Time jokes
Your hairline is so bad, it goes back in time!
I’m tall when I’m young, and I’m short when I’m old. What am I?
What goes up but never comes down?
Your mama is so fat, by the time I swerved to miss her with the car, I ran out of gas.
I poo 11 times a day.
Memes
"What time is it?"
"Daytime."
Mummy, how was I born?
Mummy replied, "Well, your father and I got married, and soon I became fat and you came out, and then in, out, in, out, and after you did that a million times, you were born."
I hope next time you ask your teacher to go to the toilet, your teacher says no, but when someone else asks, the teacher says yes to them.
What's the only time a Pentagon has four sides? When a plane intercepts into it.
Just burned 2,000 calories. That's the last time I leave brownies in the oven while I nap.

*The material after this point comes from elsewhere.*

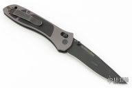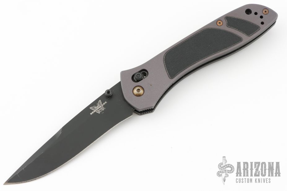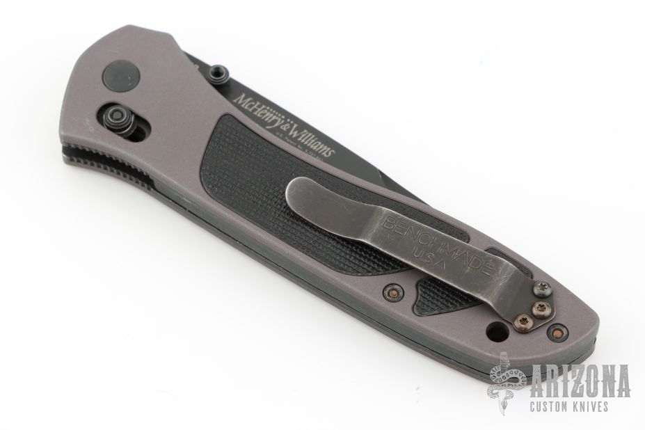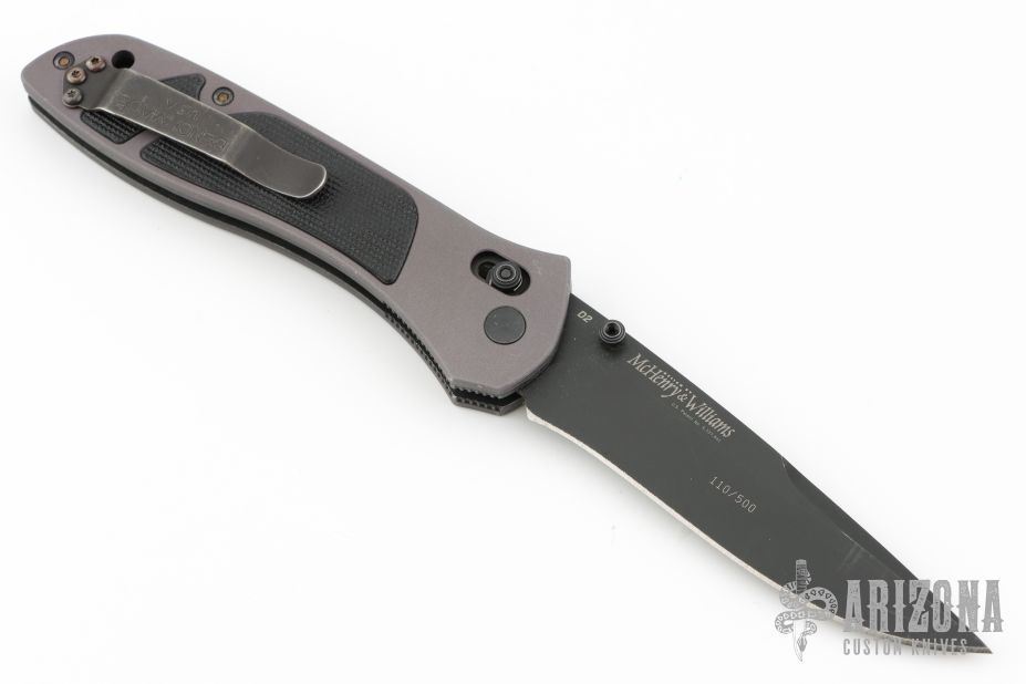 This is a McHenry and Williams designed knife by Benchmade features a black finished blade with dual thumbstuds. The handle has bead blasted and anodized aluminum scales with G10 inlays, stainless liners, black stainless steel reversible tip up clip. Comes in the wrong Benchmade box (556). Has scuffs, scratches, and shows wear. Good condition otherwise.

If I had a dime for every time I heard someone say that F was the villain (Alphabet Lore), I would be rich.
Yo momma is so old, her birthday's expired.
When I got to you and I was android and we were all in Minecraft for the last two years and we had the same problem UI with you anymore but you can see it on Instagram that it is not a real time thing or a android.
Parent: Have you seen your sister?
Son: No, the last time I saw her was when we were playing hide and seek.
Why did the clock go out to the gazebo? To spend some time out.
Why do orphans only have 363 days in a year?
Because they miss Mother’s Day and Father’s Day.
Yo momma's so old that even scientists get baffled about where she lived before Earth was created.
The time I saw you and you asked me to be your friend.
Me: "Yeah... no. You're too ugly. Even your parents never loved you."
Kid: 😭
My little league football debut was a lot like the first time I had sex. I was beaten, bruised, and bloody, but at least my Dad came.
One time I fucked this chick so hard, she almost came back to life.